First off, in an exclusive blog entry, I am here to tell you, that Todd Collins is “the source.” Now, I know some teammates might have a problem with me and think I alienated the defense as our problem and left Gregg Williams out to dry. First off, Gregg with 2 g’s, I’m only reporting the truth of how I see it and frankly I don’t like the way you spell your name and that in itself is arrogant enough. Toddd’s got a serious problem with arrogance. So, here I am, Senor Springs, saying it to your face via the internet: Todd Collins is nothing if not an honest man and when reporters ask me questions, I’ll answer them, even if that means in a dark parking lot.

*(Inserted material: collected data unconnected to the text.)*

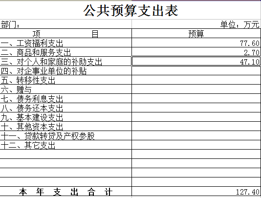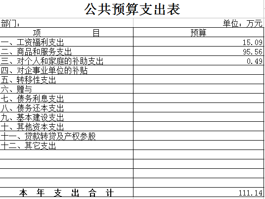 预算总收入127.4万元,其中:财政拨款收入127.4万元。预算总支出127.4万元,其中:一般公共服务支出85万元,社会保障和就业支出42.4万元。(工资福利支出77.6万元,商品和服务支出2.7万元,对个人和家庭补助支出47.1万元)。
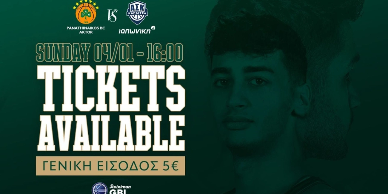 «Η ΚΑΕ Παναθηναϊκός AKTOR, θέλοντας να επιβραβεύσει τους φιλάθλους της με τον ερχομό του 2026 για την αγάπη, τη στήριξη και την αφοσίωσή τους στην ομάδα μας, ορίζει γενική είσοδο 5 ευρώ για την αναμέτρηση της προσεχούς Κυριακής (04/01, 16:00) με αντίπαλο την Καρδίτσα ΙΑΠΩΝΙΚΗ στο Telekom Centher Athens, για την 13η αγωνιστική της Stoiximan GBL.
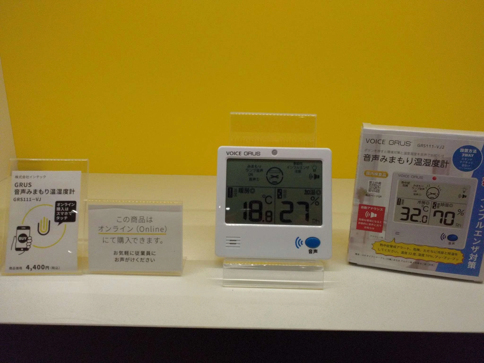 音声でお知らせしてくれる温湿度計です。
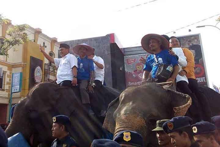 Seperti yang direncanakan sebelumnya, Mustafa dan Ahmad Jajuli datang ke Kantor KPU Lampung di Jalan Gajahmada Bandarlampung dengan menunggang gajah. Keduanya dibantu seorang pawang gajah sehingga perjalanan menuju Kantor KPU Lampung lancar.

I’m glad that is off my chest, and I don’t think there is any bad blood between TC and the teammates. Someone had to light a fire, and I did it as I often do. Needless to say, the defense responded. Greggggory and company shut down anything that Carolina tried to do. Delhomme to Smith was no more potent than a bottle of Jeter cologne, and Carolina struggled to move the ball all day. However, Jason didn’t listen to me and threw his first NFL interception. Normally I would be upset because I don’t throw interceptions, but I had to take a step back and realize that a young TC was also turnover prone and it wasn’t until wiser times that I figured out I just needed to avoid those – hence no INTs since 1997. Jason will soon learn this. The problem was that most of the passes were also hitting the ground and we had about 60 yards of passing up until the last magical play. You’ve all probably heard on SportsCenter or George Michael’s Sports Machine that Jason’s headset went dead on the 3rd and 8 TD to Cooley. Yes, this is true. However, let me tell you the whole story…

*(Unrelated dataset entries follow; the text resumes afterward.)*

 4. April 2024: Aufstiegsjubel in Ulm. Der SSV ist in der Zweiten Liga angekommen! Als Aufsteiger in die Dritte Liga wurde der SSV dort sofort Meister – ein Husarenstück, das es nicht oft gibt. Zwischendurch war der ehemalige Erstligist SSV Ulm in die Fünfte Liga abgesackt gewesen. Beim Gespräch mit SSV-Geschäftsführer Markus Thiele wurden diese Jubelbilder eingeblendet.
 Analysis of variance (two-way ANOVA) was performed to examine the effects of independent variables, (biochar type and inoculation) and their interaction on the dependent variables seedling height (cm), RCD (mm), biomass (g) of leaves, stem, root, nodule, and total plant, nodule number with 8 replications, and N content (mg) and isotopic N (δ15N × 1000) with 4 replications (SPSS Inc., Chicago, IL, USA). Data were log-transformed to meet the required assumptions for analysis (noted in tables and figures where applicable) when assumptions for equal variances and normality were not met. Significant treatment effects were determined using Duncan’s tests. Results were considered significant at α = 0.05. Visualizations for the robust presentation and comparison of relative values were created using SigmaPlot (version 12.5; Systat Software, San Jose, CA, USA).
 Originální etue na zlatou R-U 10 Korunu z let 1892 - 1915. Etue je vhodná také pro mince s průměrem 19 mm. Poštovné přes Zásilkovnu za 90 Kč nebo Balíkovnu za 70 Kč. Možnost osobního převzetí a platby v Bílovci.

Jason gets in the huddle on a huge 3rd and 8 play, with the game slowly fading from our grasps. Big Al radios in a play, Jason looks at him wearily due to the inept passing game that Al had called all day, and in a move well beyond his years turned off his headset. Next thing I know, Jason looks me in the eye and we connect – he wants me to call the play. I take a quick look in the huddle, and it might have been the mixture of my chimichanga with extra spicy guacamole and painkillers, but I see Angels around Chris Cooley. Being a big Fox Family Channel fan, I knew that Angels on a sports field tend to lead to good things. I call Chris’ number and Jason gives me a silent nod. The rest is history…Angels bounced those guys off of Chris and led to the best post-game hot tub party this city has ever seen.
Ah, yes…it’s been an eventful week full of Skinheads, Sources, Angels and Yoders. I’m about done with this Shirley Temple and Godiva Cheesecake, plus Cindy is ready to go home. So, we’re 4-7, in last place, and hurt our draft status, but victory in the hot tub never tasted so good.